What you suggest will probably be OK. CAT5 cable contains four twisted pair, each with a different twist pitch. This causes almost all coupling from one pair to another to be common mode. It's really hard to inject a signal into a CAT5 cable that couples in differential mode to a different twisted pair.
RS-485 is a differential signal going from up to +5 V to -5 V when transmitted. Receivers have a couple volts or so hysteresis typically. It would take a lot to exceed the common mode range, or introduce enough differential mode noise to prevent correct reception.
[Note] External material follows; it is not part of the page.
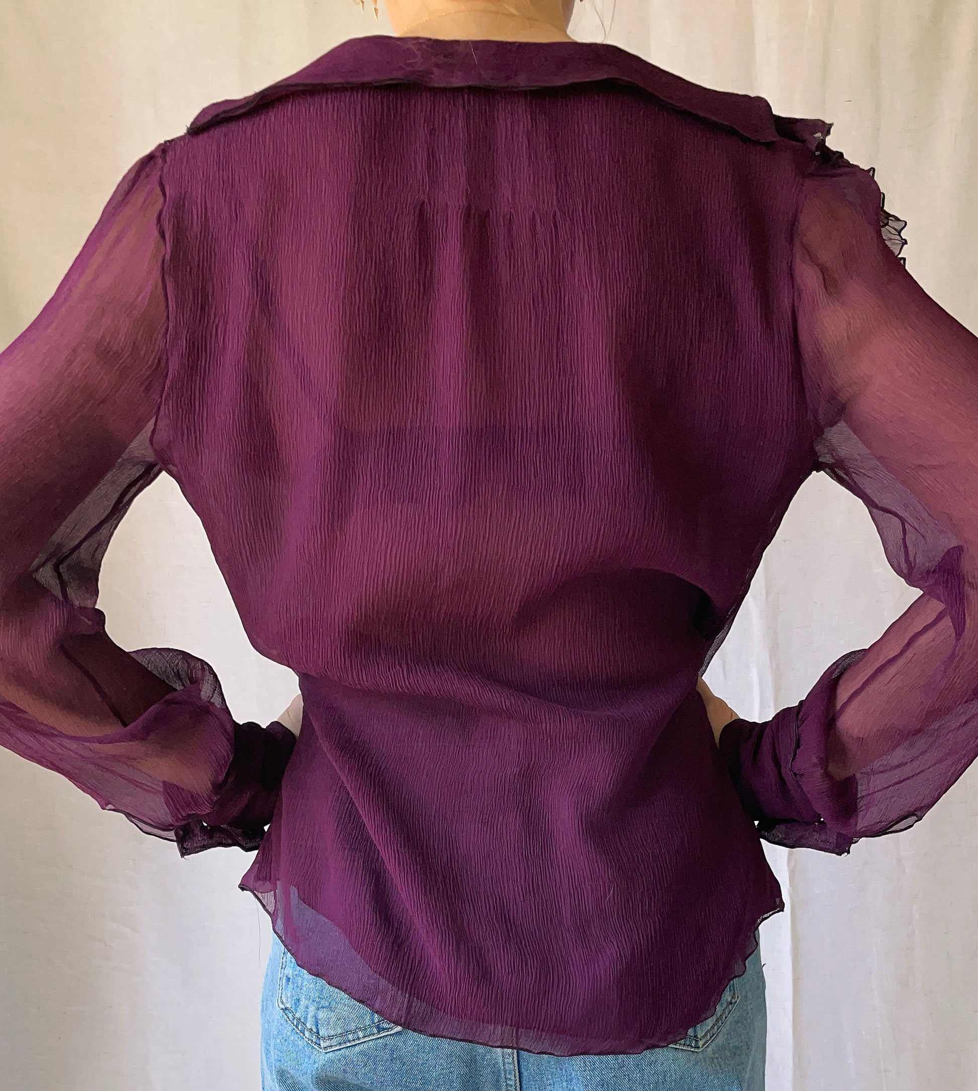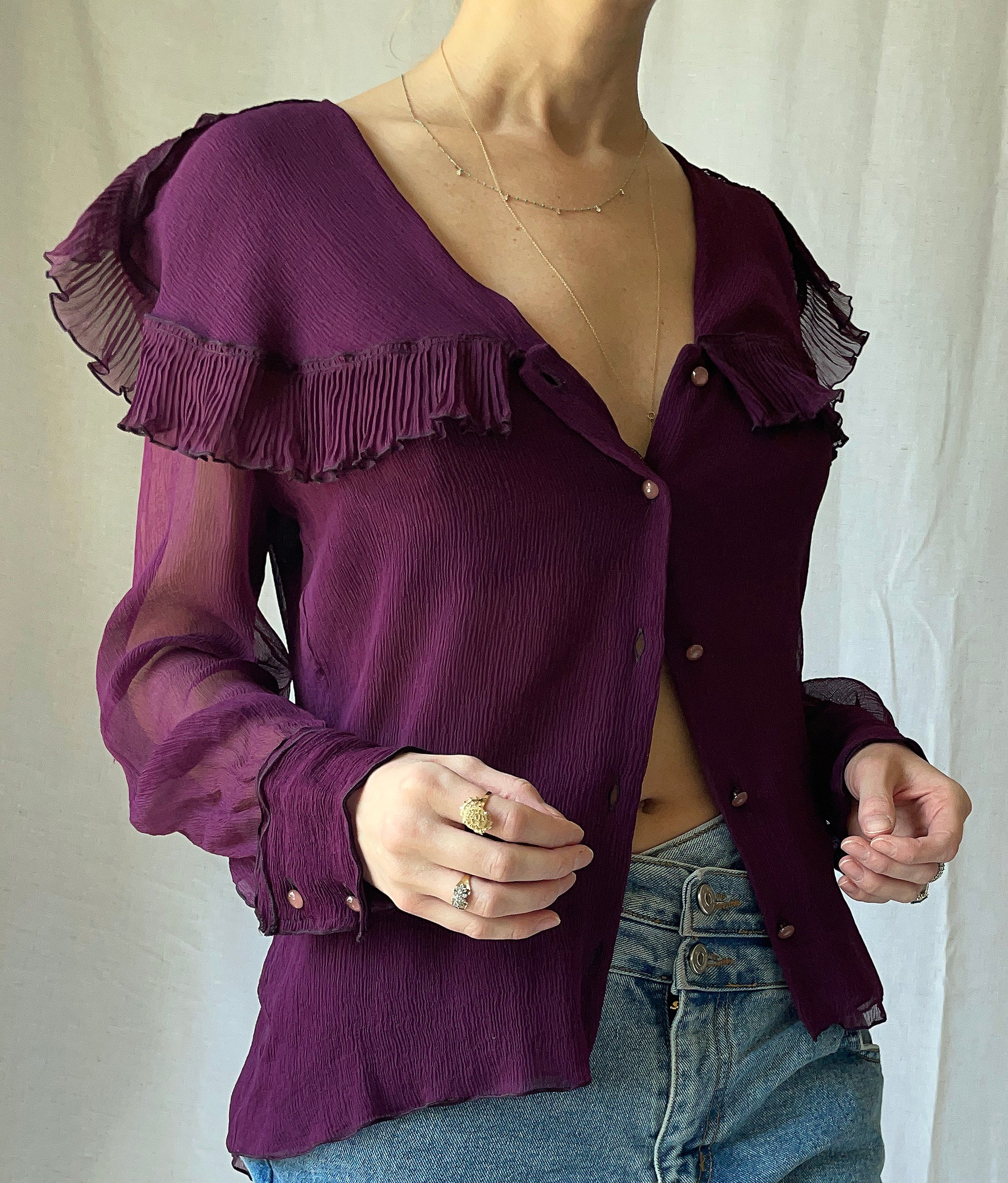 This silk fabric of this Missoni shirt is just absolutely divine: it's a 100% silk chiffon with a crinkled texture. It's seriously so light, airy, diaphanous— I never want to take it off, and it's such a versatile layering piece. Made in Italy by Missoni circa 1980s, it has an oversized sailor collar with a delicately pleated flounce, calling subtle attention to the décolletage. The breezy silk makes it a great layering piece: it could be worn tied in the front, open like a jacket, tucked into something high-waisted, untucked, layered over a thin knit... the possibilities are literally endless! I can't emphasize enough how amazing the craftsmanship is on this classic piece: even the little pintucks at the shoulder are done with such skill that they honestly stopped me in my tracks. There are two layers of fabric so that it's not overly sheer, and the fabric does have stretch to it.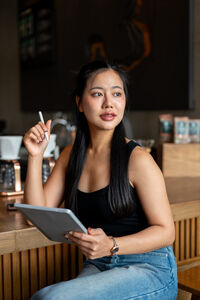 Smiling senior Asian woman holding stylus pen and tablet sitting on sofa at home

One thing to keep in mind is that while RS-485 is differential, these two lines still need a ground reference. At a minimum, this requires 3 wires in the cable. You probably want to dedicate a whole pair to ground in reality.
800 kHz is really not that high. Unless the voltage swings are very large, it's simply not going to cause problems for RS-485. Since 800 kHz is your highest frequency of interest, it might be a good idea to add a filter in front of the cable to attenuate any higher frequency components, which you don't want anyway.
If you can send the 800 kHz differentially using its own twisted pair, even better. Even just a balun right before injection into the cable will help, although I really think you'll be fine even if this is sent as signal and ground on its own twisted pair.
I really don't expect any problems with what you are propsing.